Genetics and epigenetics of the Cyp24a1 gene locus. (a) A portion of chromosome 2 containing the Cyp24a1 gene and flanking sequences, top row; RNA, RNA‐seq tracks from indicated tissues; H3K4me1, H3K27ac, and H3K4me3 refer to locations of these forms of modified histones obtained from chromatin immunoprecipitation and sequencing (ChIP‐seq) analysis of indicated tissues, middle rows; DHS: DNase 1 hypersensitive site analysis of Cyp24a1 flanking sequences in indicated tissues, bottom row. (b) Comparison of tracks for conserved noncoding sequences for indicated species with reference C57BL/6 genome. (c) Single nucleotide polymorphism (SNPs) and insertions and deletions (Indels) in various mouse strains compared to reference C57BL/6 genome. Regions of possible regulatory function based on epigenetic marks are indicated by highlighted areas in a–c

Sequences surrounding these regions of chromatin modifications and DHS were also found to be conserved in other mammalian species, including humans (Figure 2b, tracks labeled CNS [conserved noncoding sequence]), suggesting common regulatory pathway across species.
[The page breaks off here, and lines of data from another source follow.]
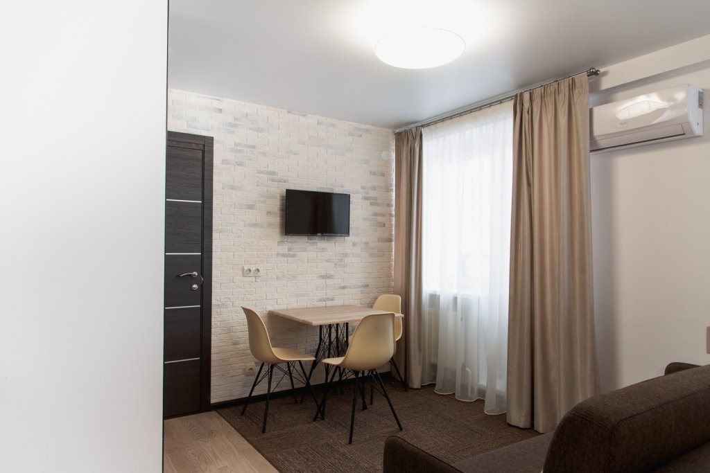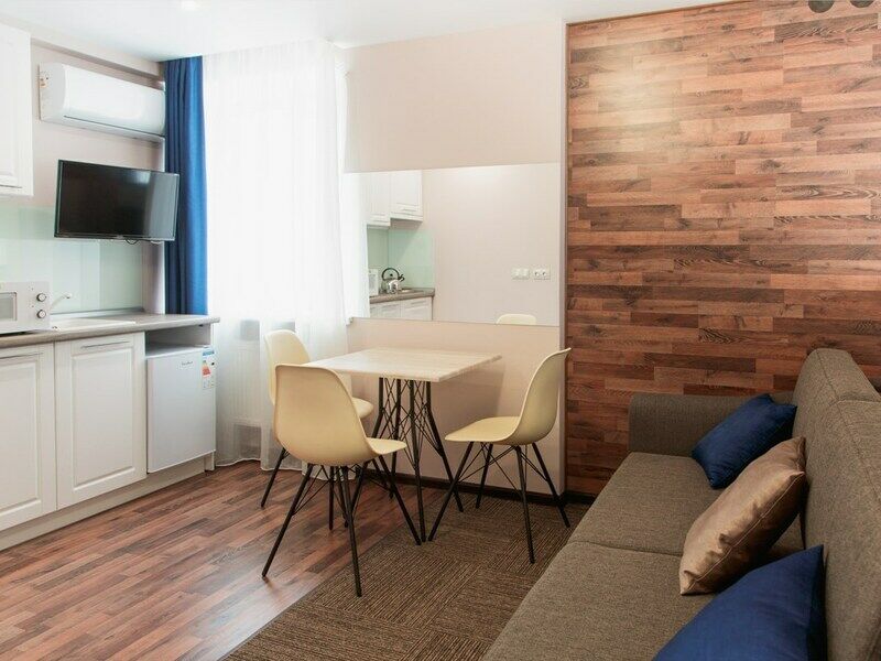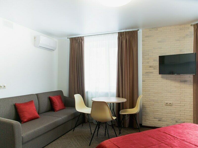 Гостиница разместилась в трехэтажном жилом доме (без лифта) и включает номера категории Стандарт и Студия, оборудованные мини-кухней с бытовой техникой. Небольшой номерной фонд рассчитанные на единовременное заселение 25 человек. Комнаты хорошо меблированы, есть вместительный шкаф-купе, стол, телевизор-ЖК, кондиционер. В собственной ванной, оборудованной душем, гости найдут все необходимые косметические принадлежности.
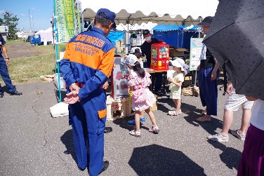 また、体験コーナー後には消防ガチャを使用した火災予防啓発グッズの配布など多くの来場者と交流しながら防火・防災へ繋げる有意義な広報活動となりました。
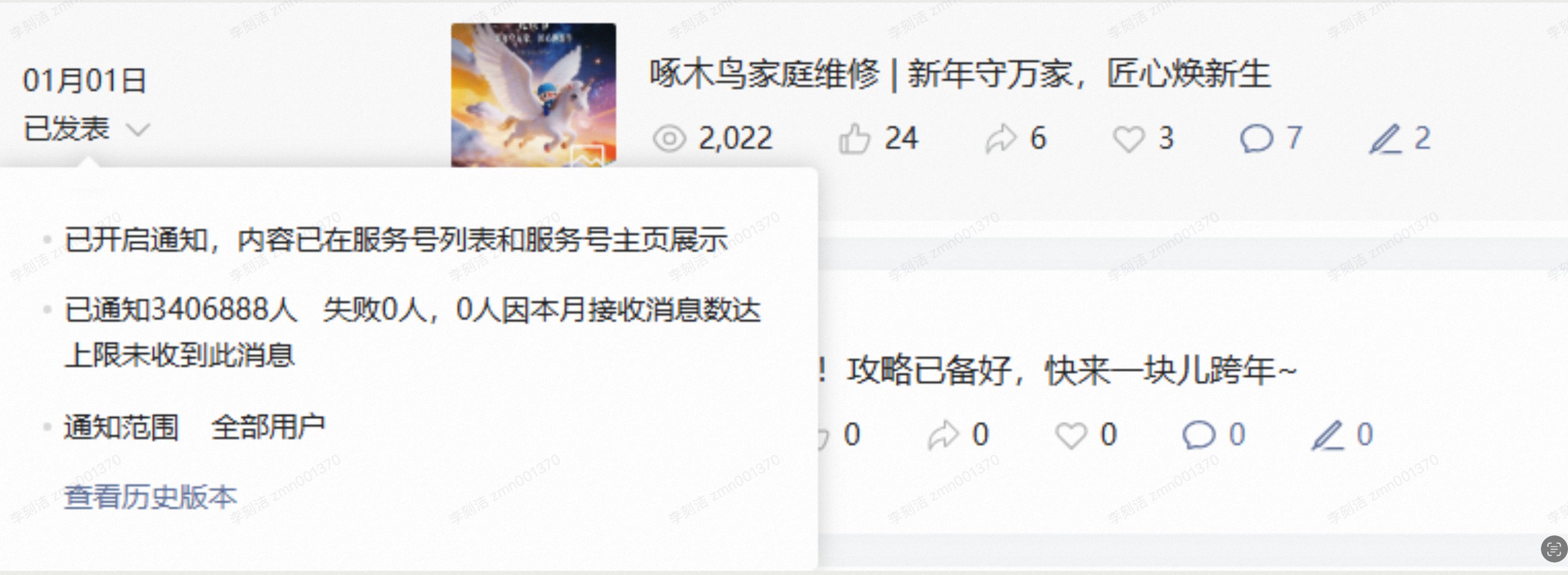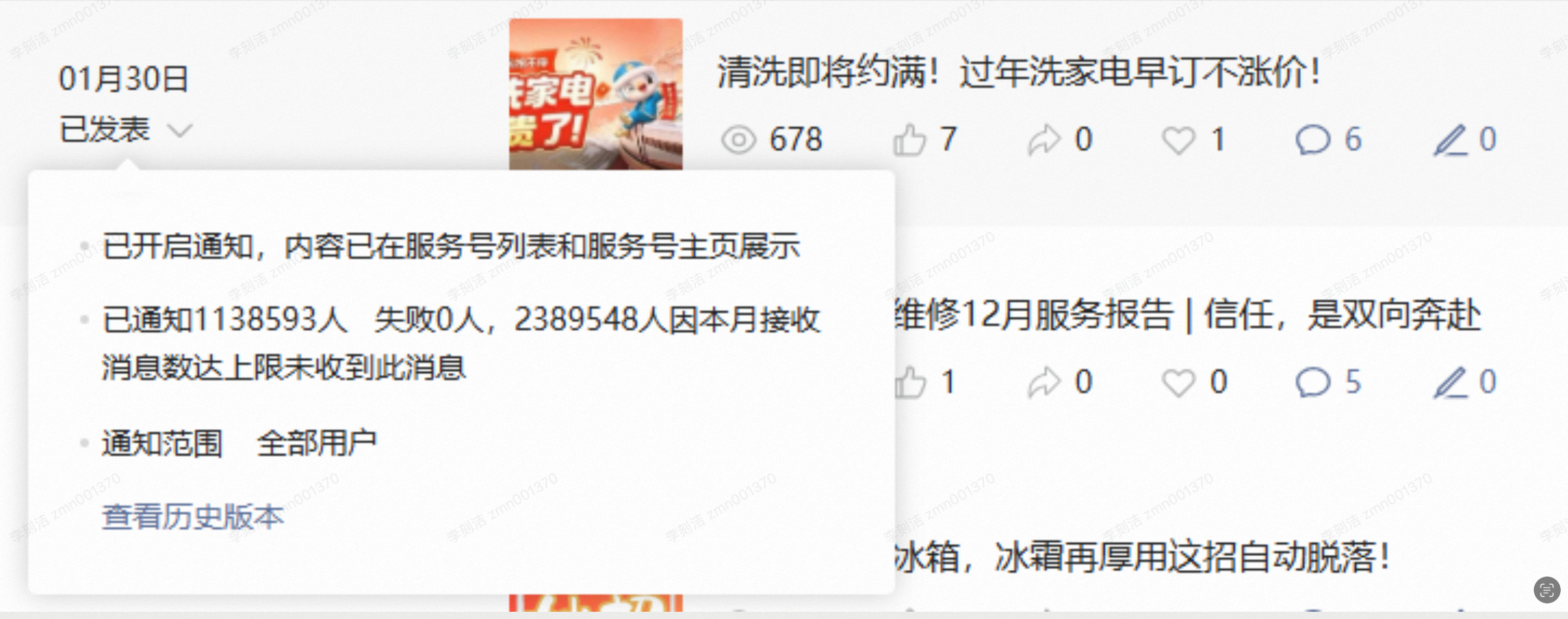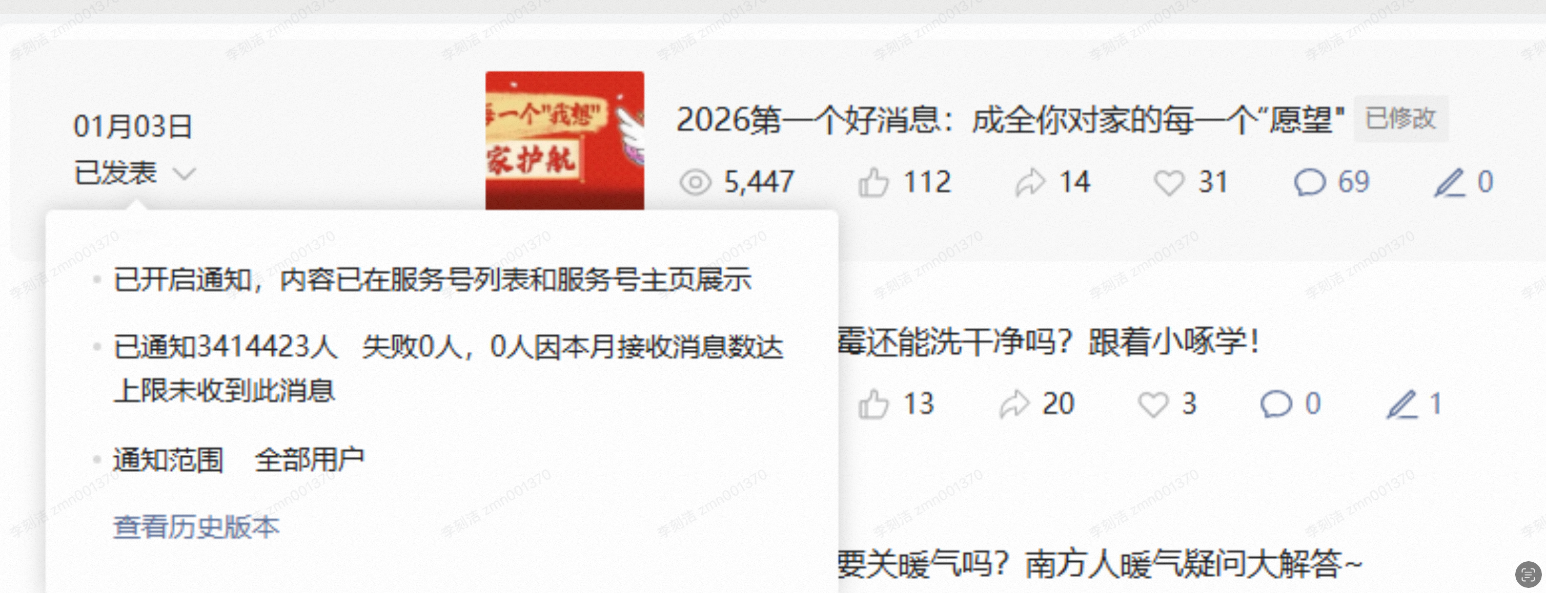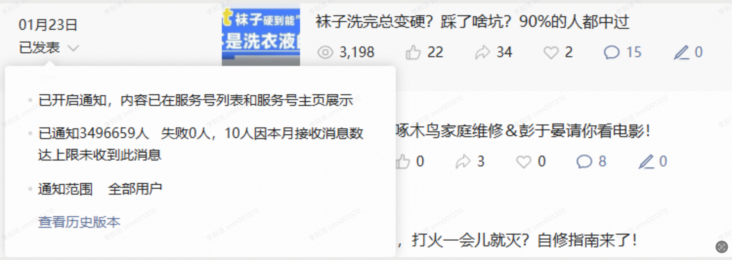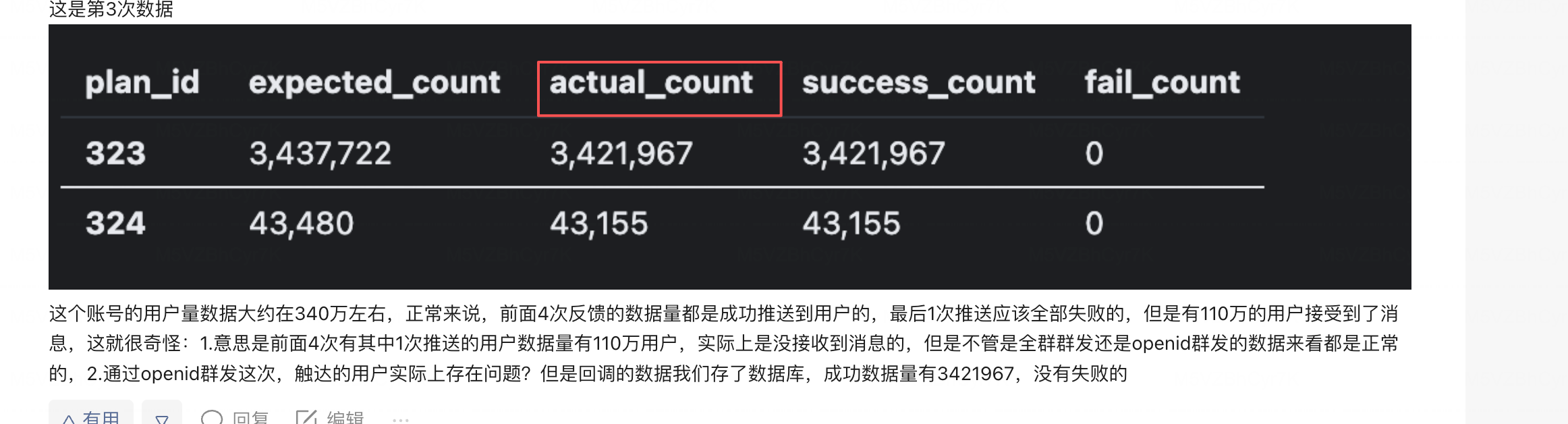 这个账号的用户量数据大约在340万左右,正常来说,前面4次反馈的数据量都是成功推送到用户的,最后1次推送应该全部失败的,但是有110万的用户接受到了消息,这就很奇怪:1.意思是前面4次有其中1次推送的用户数据量有110万用户,实际上是没接收到消息的,但是不管是全群群发还是openid群发的数据来看都是正常的,2.通过openid群发这次,触达的用户实际上存在问题?但是回调的数据我们存了数据库,成功数据量有3421967,没有失败的
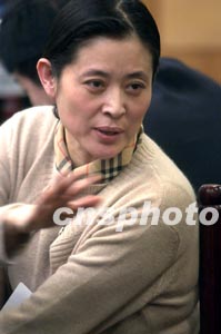全國政協(xié)委員、電視主持人倪萍在七日的分組討論會(huì)上呼吁關(guān)注農(nóng)村普教問題,對(duì)貧困山區(qū)發(fā)放“教育券”來保障教育資金的專款專用。作者:廖文靜
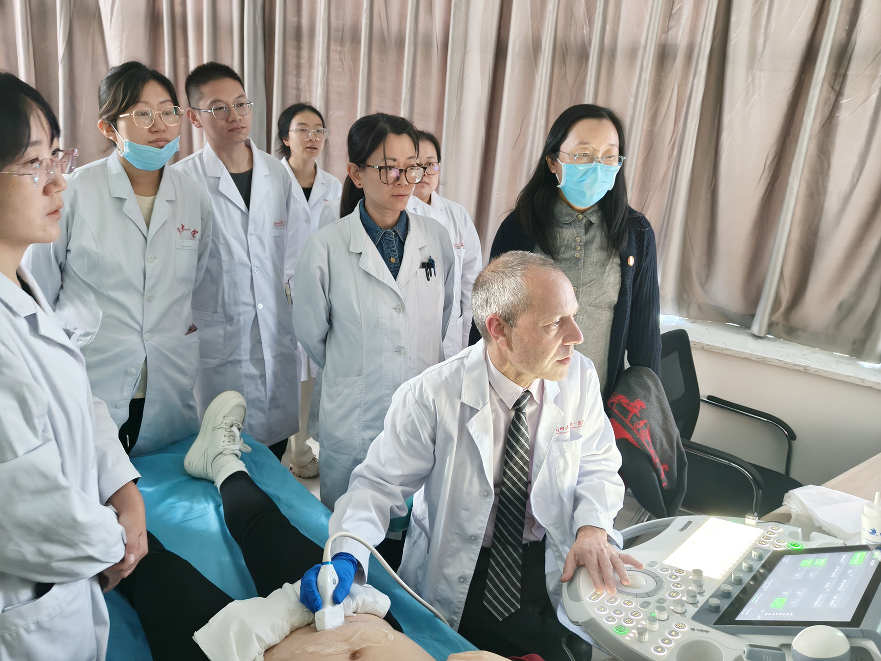 兰大一院超声医学科主任陈飞主持交流会,超声妇产学组全体成员参加。双方重点围绕产科学组的临床研究、产科病人规范化检查、后续医师互访等等合作方向进行了深入探讨,并对科室拟推荐赴加拿大交流学习的2名医师进行了面试。

Remarkably, the same region contained multiple genetic variations/deletions in the Klotho‐susceptible strains compared to C57BL/6 (Figure 2c, tracks labeled Indels, SNPs). We propose that these noncoding genetic variations in the putative Cyp24a1 super‐enhancer lead to reduced basal expression of Cyp24a1 in susceptible strains making them more reliant on Klotho for regulation of Cyp24a1 to maintain healthy levels of serum vitamin D3.

CONFLICT OF INTEREST

None declared.

AUTHOR CONTRIBUTIONS

JMS designed and supervised the study; AV and MS performed the experiments; AS and RS did the genetic analysis of kidney‐specific variations in Cyp24a1 gene. JMS and RS wrote the paper and all authors read and commented on the manuscript.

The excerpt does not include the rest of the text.